RPMDrate generates a large number of output files for each calculation. These
are sorted into subfolders `Temp`

/`Nbeads`

by temperature and number of beads, so that the
same input file can be used by multiple RPMD calculations. RPMDrate will also
use these output files for restarting incomplete jobs, to avoid repeating
already-finished steps in the calculation.
(Biased sampling and transmission coefficient calculations are the most time consuming steps.
During these steps, the program creates a series of checkpoints which allow RPMDrate
to be safely stopped at any point in its execution and then to be restarted later.)

*Initial configurations for umbrella integration*

The computed initial umbrella configurations are saved to
`umbrella_configurations.dat`

in the top-level directory, as these
configurations can be used in subsequent calculations.
This file contains the Cartesian coordinates in atomic units for each
configuration.

*Biased sampling*

The computed values for the mean \(\overline{\xi }\) and variance
\(\sigma^2\) of the reaction coordinate are saved to a set of files
named `umbrella_sampling_*.dat`

after each trajectory run, where `*`

represents the position of center of
the window along the reaction coordinate \(\xi\).

*Potential of mean force*

The potential of mean force as a function of the reaction coordinate
is saved to the file `potential_of_mean_force.dat`

.

*Transmission coefficient*

The computed value of the transmission coefficient (recrossing factor) is saved to a file named
`recrossing_factor_*.dat`

, where `*`

represents the value of the reaction
coordinate \(\xi\) at which this factor was computed.

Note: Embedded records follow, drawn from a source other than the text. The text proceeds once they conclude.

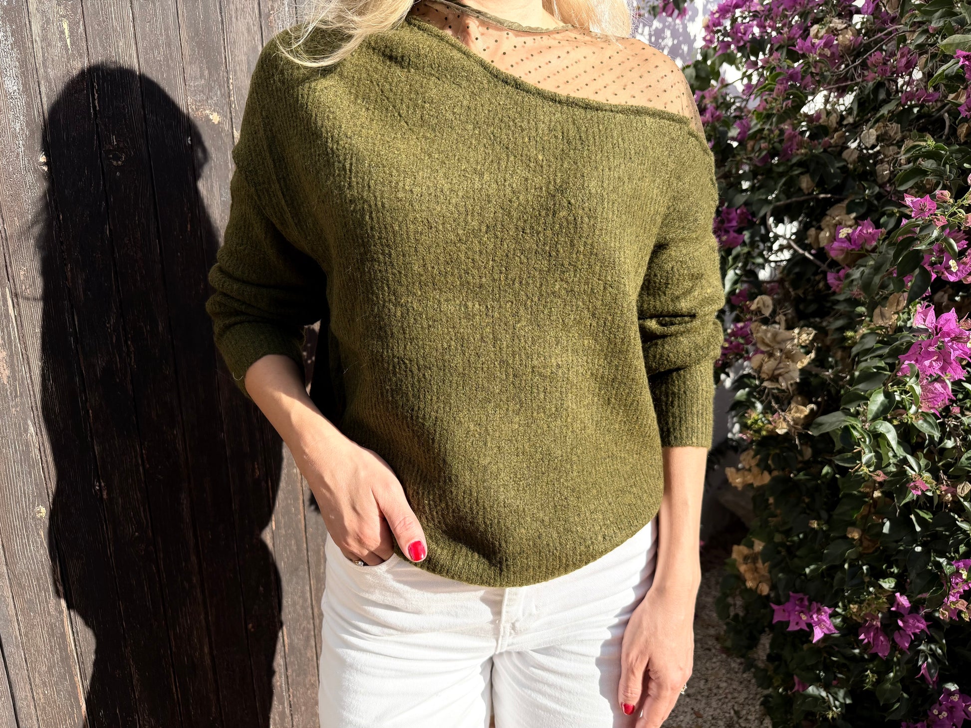 Een vrouwelijke, elegante trui met een speelse twist. De ronde hals is afgewerkt met een fijn doorschijnend mesh detail met stipjes, wat zorgt voor een subtiel en stijlvol effect.
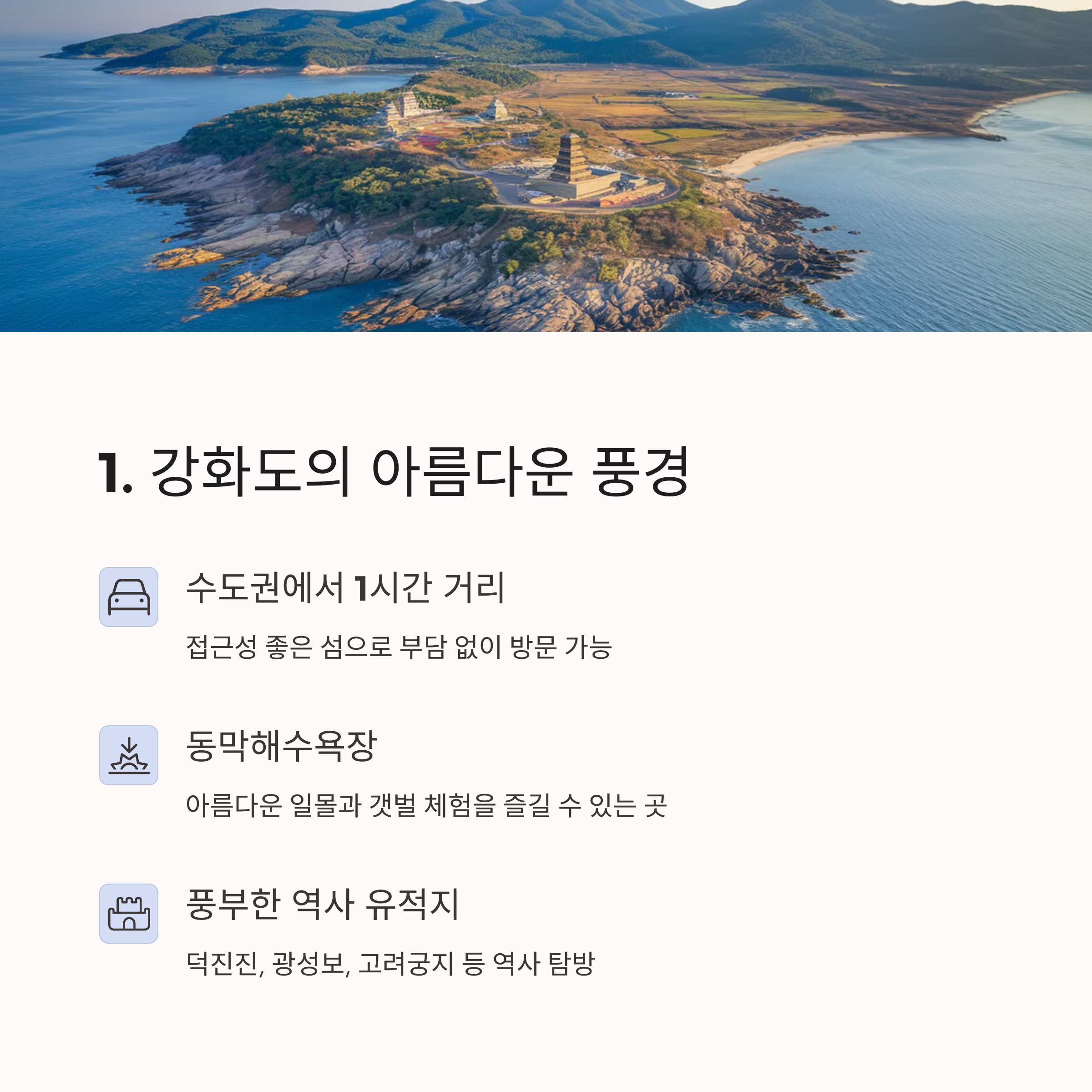 첫 번째로 소개할 곳은 강화도입니다. 서울에서 차로 1시간 정도면 도착하는 거리라 주말 나들이로 부담이 적습니다. 동막해수욕장에서는 아이들과 함께 갯벌 체험을 할 수 있고, 해 질 녘 바다 풍경은 감탄이 절로 나올 정도로 아름답습니다.
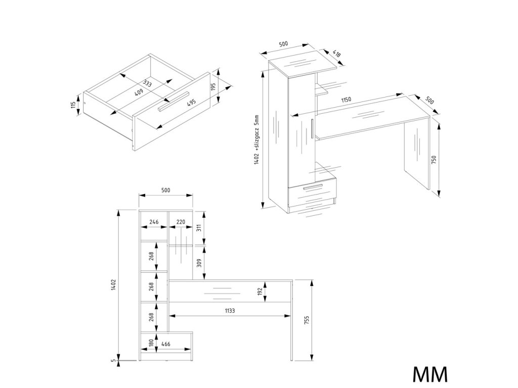 šířka: 130 cm | výška: 76 cm | hloubka: 51 cm Psací Stůl KUBA je ideální volbou pro ty, kteří hledají funkční a moderní nábytek pro práci doma i v kanceláři.Hlavní výhody: 6...

*Ring polymer rate coefficient*

The final value of the RPMD rate coefficient, along with a summary of the various
intermediate values used to compute it, is saved to a file
named `rate_coefficient_*.dat`

, where `*`

represents the value of the
reaction coordinate \(\xi\) at which the transmission coefficient was computed.
Note that the same value of the reaction coordinate \(\xi\) is used to
obtain the centroid-density quantum transition state theory rate coefficient and
the recrossing factor.